Im just not really feeling where this relationship is moving. Im in need to better myself emotionally, phyically, spritiually, and this man is at a standstill.
Please advise….
HER VIEW:
It sounds like to me you already know what you need to do but you want confirmation. The question is what do you want out of your life because it sounds like you want more. I don’t think you’re going to be able to change him so you need to focus on yourself. If your daughters were dating a guy like this what would you tell them?
HIS VIEW:
I think you’ve gone past the point of being a supportive mate and have somehow ended up being his new momma. Now I’m assuming he’s not working and earning a living by the way you framed the question. If that’s the case you need to move on because it seems like you’re determined to drag him along kicking and screaming and that’s not going to end on a happy note.
If he is working and holding it down the problem may be you. Your dreams for him and his dreams for himself may be totally different and I think if he’s doing what he has to do he’s good. He shouldn’t get a college degree, Masters and PHD because you want him to get one, he has to want it for himself. It may be easier to go out and find what you want instead of trying to make him into what you want.
Harriet says
Ronnie said:
“If your daughters were dating a guy like this what would you tell them?”
****************
That’s where the rubber meets the road right there! Do you want your children to perpetuate the same types of choices in men that you have made? If you want THEM to do better, it begins with you.
You called him your significant other? Does that mean you’re married? Are you living together? Those types of issues tend to complicate the black and white decision you need to make.
Anonymous says
From the tone of your post, I think you already know the answer to this…
You’ve grown past this brotha. It’s time to let him go! If you don’t he will only stagnate you.
Read Steve Harvey’s book!!!
If a brotha is not where he know he needs to be, and all the things that drive him (who he is, what he does, how much he makes)are not in place he will NOT be able to be a good man to you…or anyone else.
BNC says
well, significant other, he is a live in boyfriend and he is employed. I dont feel that I want him to get a masters or PhD or anything, but if he has potential I would like to see him put more effort into somethings besides nothing. He has ideas and talks about doing things better for himself, but will not make as much effort as I will to get him started. But you guys are right, it will have to start with me. Ive known this but Im not sure if I was doing the right thing or not particularly because I dont want to deal with the dating scene. I guess you can call it settling..
My best bet is to have “another” conversation with him and put my foot down..
Lynn says
…all very good advice from the posts & I like the addt’l comment of the husband giving the guy’s side too of IF he’s working & holding it down the problem may be her & basically don’t try to make him into someone he’s not or doesn’t want to be because it will end badly.
I can only add that if you continue to push it will make him feel like less of a man. If you can’t voluntarily come together on this, then you have to make a decision for yourself and he has to do the same.
CS says
@BNC,
From the tone of your email to the tone of your response its obvious you already know the answer to your question. But one aspect you have to remember is your child. You may be tired and willing to settle to avoid the dating scene, but you will also be unfairly settling for her as well.

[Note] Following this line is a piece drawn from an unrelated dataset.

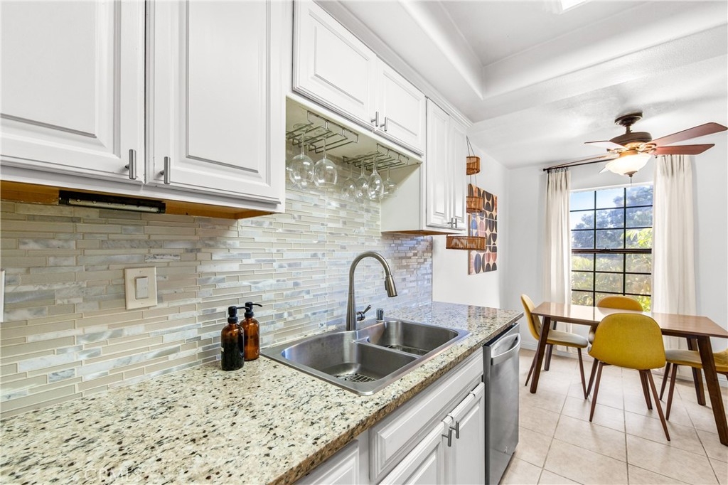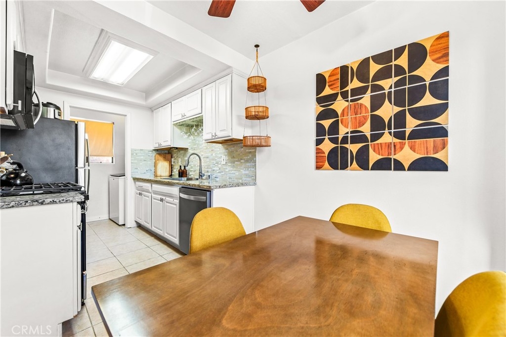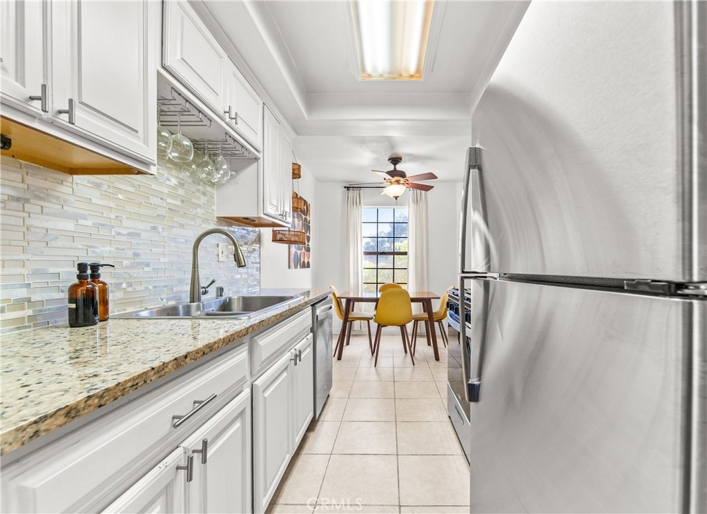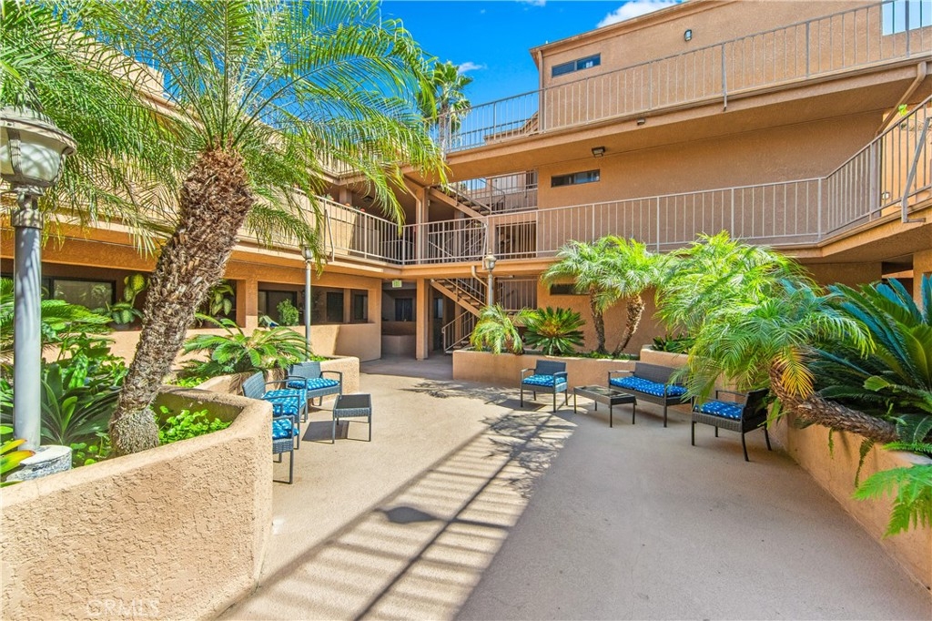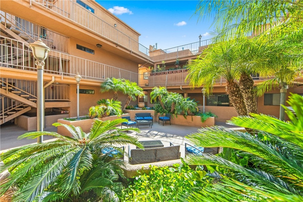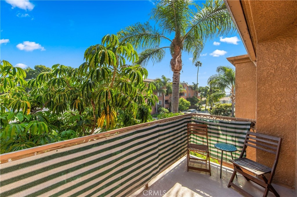 Welcome to this Mediterranean-style condominium located on a quiet cul-de-sac in the heart of Long Beach, less than two miles from the ocean. Unit #203 sits on the second floor of a friendly 24-unit community surrounded by manicured landscaping. Inside, step through the travertine foyer into a bright, open floor plan with vaulted ceilings. This 3-bedroom, 2-bath corner unit features custom laminate flooring, a sunny dining area, and a spacious living room that leads to a newly renovated balcony framed by palm tree views. The remodeled kitchen offers granite countertops, white cabinetry, and brand-new black and stainless-steel appliances are included. A tucked-away laundry room with washer and dryer and a nearby linen closet add convenience. The primary suite includes a walk-in closet and ensuite bath, while the two additional bedrooms feature mirrored wardrobes. The layout feels open and well-proportioned across roughly 1,000 square feet. Additional highlights include two tandem parking spaces in a secure, gated garage with 24-hour surveillance. With Long Beach’s continued coastal growth, this move-in-ready home is an excellent opportunity in today’s low-inventory market.

As everyone stated, it starts with you. I hope that everything works out for the best.
CSs last blog post..Would You Befriend Yourself?
Wtf? says
I feel sorry for this man. Society has crippled his ambition. Either that or stymied his ability to perceive opportunity and appreciate the type of support he has been blessed to have. I think you are a visionary woman. That is a very rare quality in these times. One thing that everyone must actualize in life, is that, everyone is an individual and travel their own life paths. After acknowledging this fact, you must be able to accurately assess if your life paths still coincide. Not everyone is meant to be in your life forever. Paths merge, converge and diverge. Although this is a difficult decision to make, it must be made to preserve your life quality.
Sasha says
Great topic…I agree with everything. It seems like you already know the “right” answer for you, but you want validation, and maybe you want some validation to stay???
If you want to “settle”, as you call it, and stay with him because you don’t want to do the “dating” scene, then you have to stop pushing him to be something else. Now, you can encourage him, and be the change you wish to see by bettering yourself, but I don’t believe that it is fair for you to stay and “choose” him, and just use him as a place card until someone else more suited for you comes along.
Also, you have to ask yourself if you are always going to be someone who is never satisfied with their mate because you think they should be more. (I am NOT saying that you are this, but it is a good inquiry to have with yourself.) That being said, there is absolutely nothing wrong with wanting more for yourself and working to achieve that.
I think you need to be honest with yourself: is this a relationship that has run its course? This is either a man that you can see yourself growing old with or not. What kind of an example are you setting for your kids? What do you desire for yourself?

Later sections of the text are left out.